## GIVEN MATERIAL
======
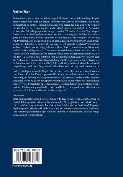 In der 2. Auflage wurden alle Kapitel überarbeitet und an den neuesten Kenntnisstand zum Thema Problemlösen angepasst. Die Kapitel zur schulischen und häuslichen Förderung der Problemlösekompetenz wurden stark erweitert und es werden nun eine Vielzahl an neuen Aufgaben und Spielen präsentiert, die beim Fördern von Problemlösen eine wertvolle Unterstützung leisten können. Das Kapitel zur Kombinatorik wurde nach der Rückmeldung von Studierenden und Kollegen komplett umstrukturiert und ist nun verständlicher und übersichtlicher aufgebaut.
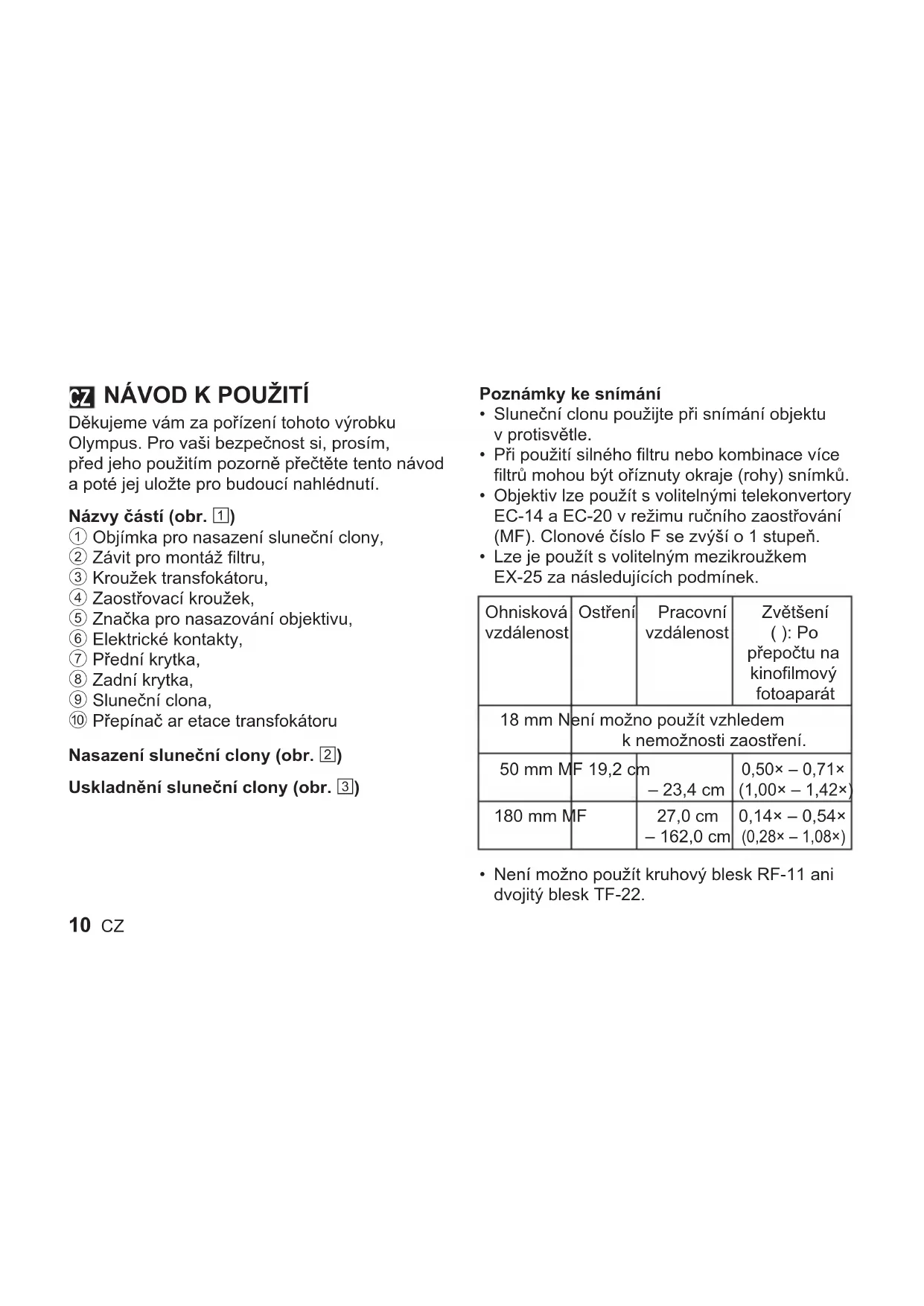 Děkujeme vám za pořízení tohoto výrobku Olympus. Pro vaši bezpečnost si, prosím, před jeho použitím pozorně přečtěte tento návod a poté jej uložte pro budoucí nahlédnutí. Názvy částí (obr. 1) 1 Objímka pro nasazení sluneční clony, 2 Závit pro montáž filtru, 3 Kroužek transfokátoru, 4 Zaostřovací kroužek, 5 Značka pro nasazování objektivu, 6 Elektrické kontakty, 7 Přední krytka, 8 Zadní krytka, 9 Sluneční clona, 0 Přepínač ar etace transfokátoru Nasazení sluneční clony (obr. 2) Uskladnění sluneční clony (obr. 3) Poznámky ke snímání Sluneční clonu použijte při snímání objektu v protisvětle. Při použití silného filtru nebo kombinace více filtrů mohou být oříznuty okraje (rohy) snímků. Objektiv lze použít s volitelnými telekonvertory EC-14 a EC-20 v režimu ručního zaostřování (MF). Clonové číslo F se zvýší o 1 stupeň. Lze je použít s volitelným mezikroužkem EX-25 za následujících podmínek. Ohnisková vzdálenost Ostření Pracovní vzdálenost Zvětšení ( ): Po přepočtu na kinofilmový fotoaparát 18 mm Není možno použít vzhledem k nemožnosti zaostření. 50 mm MF 19,2 cm – 23,4 cm 0,50× – 0,71× (1,00× – 1,42×) 180 mm MF 27,0 cm – 162,0 cm 0,14× – 0,54× (0,28× – 1,08×) Není možno použít kruhový blesk RF-11 ani dvojitý blesk TF-22.
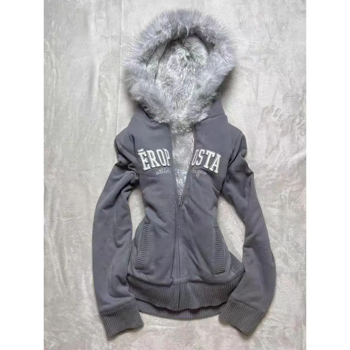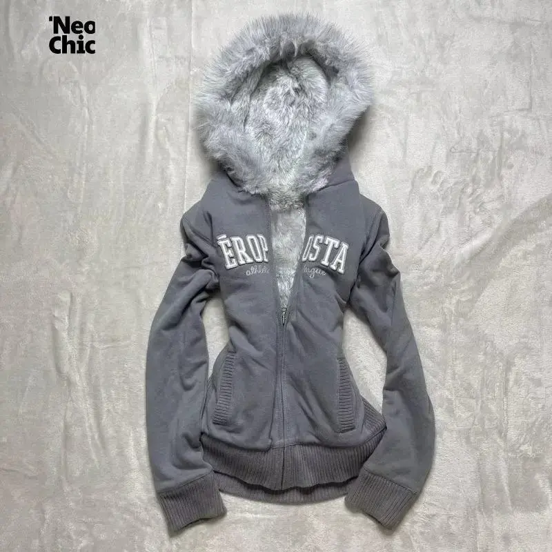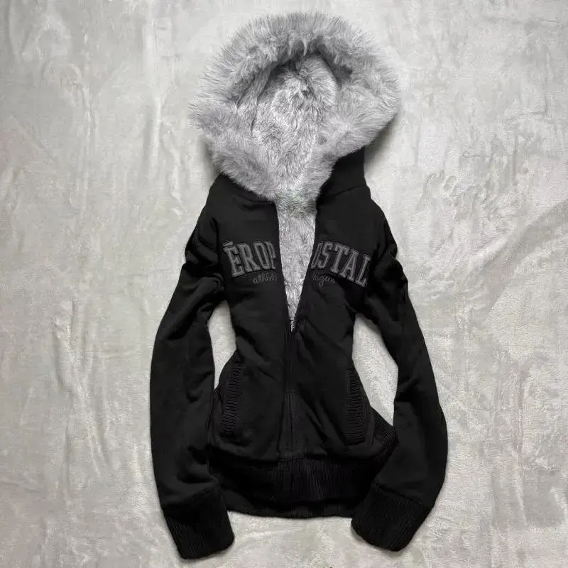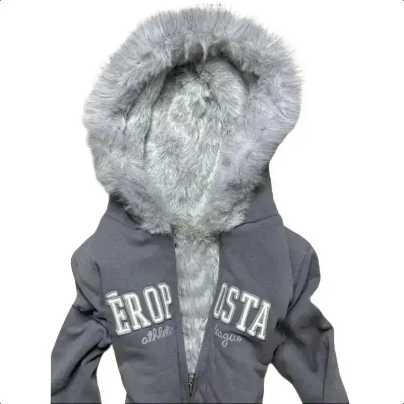 Women's Muted American Original Gray Thickened Hooded Sweatshirt Jacket Retro Slim Hottie Design Warm Zipper Jacket for Daily Wear Long Sleeve Casual Winter Tops
======
## TRY IT
The answer must be the full listing above, copied exactly, with no pictures in it.

## RESULT FOR THIS TASK
 In der 2. Auflage wurden alle Kapitel überarbeitet und an den neuesten Kenntnisstand zum Thema Problemlösen angepasst. Die Kapitel zur schulischen und häuslichen Förderung der Problemlösekompetenz wurden stark erweitert und es werden nun eine Vielzahl an neuen Aufgaben und Spielen präsentiert, die beim Fördern von Problemlösen eine wertvolle Unterstützung leisten können. Das Kapitel zur Kombinatorik wurde nach der Rückmeldung von Studierenden und Kollegen komplett umstrukturiert und ist nun verständlicher und übersichtlicher aufgebaut.
 Děkujeme vám za pořízení tohoto výrobku Olympus. Pro vaši bezpečnost si, prosím, před jeho použitím pozorně přečtěte tento návod a poté jej uložte pro budoucí nahlédnutí. Názvy částí (obr. 1) 1 Objímka pro nasazení sluneční clony, 2 Závit pro montáž filtru, 3 Kroužek transfokátoru, 4 Zaostřovací kroužek, 5 Značka pro nasazování objektivu, 6 Elektrické kontakty, 7 Přední krytka, 8 Zadní krytka, 9 Sluneční clona, 0 Přepínač ar etace transfokátoru Nasazení sluneční clony (obr. 2) Uskladnění sluneční clony (obr. 3) Poznámky ke snímání Sluneční clonu použijte při snímání objektu v protisvětle. Při použití silného filtru nebo kombinace více filtrů mohou být oříznuty okraje (rohy) snímků. Objektiv lze použít s volitelnými telekonvertory EC-14 a EC-20 v režimu ručního zaostřování (MF). Clonové číslo F se zvýší o 1 stupeň. Lze je použít s volitelným mezikroužkem EX-25 za následujících podmínek. Ohnisková vzdálenost Ostření Pracovní vzdálenost Zvětšení ( ): Po přepočtu na kinofilmový fotoaparát 18 mm Není možno použít vzhledem k nemožnosti zaostření. 50 mm MF 19,2 cm – 23,4 cm 0,50× – 0,71× (1,00× – 1,42×) 180 mm MF 27,0 cm – 162,0 cm 0,14× – 0,54× (0,28× – 1,08×) Není možno použít kruhový blesk RF-11 ani dvojitý blesk TF-22.
 Women's Muted American Original Gray Thickened Hooded Sweatshirt Jacket Retro Slim Hottie Design Warm Zipper Jacket for Daily Wear Long Sleeve Casual Winter Tops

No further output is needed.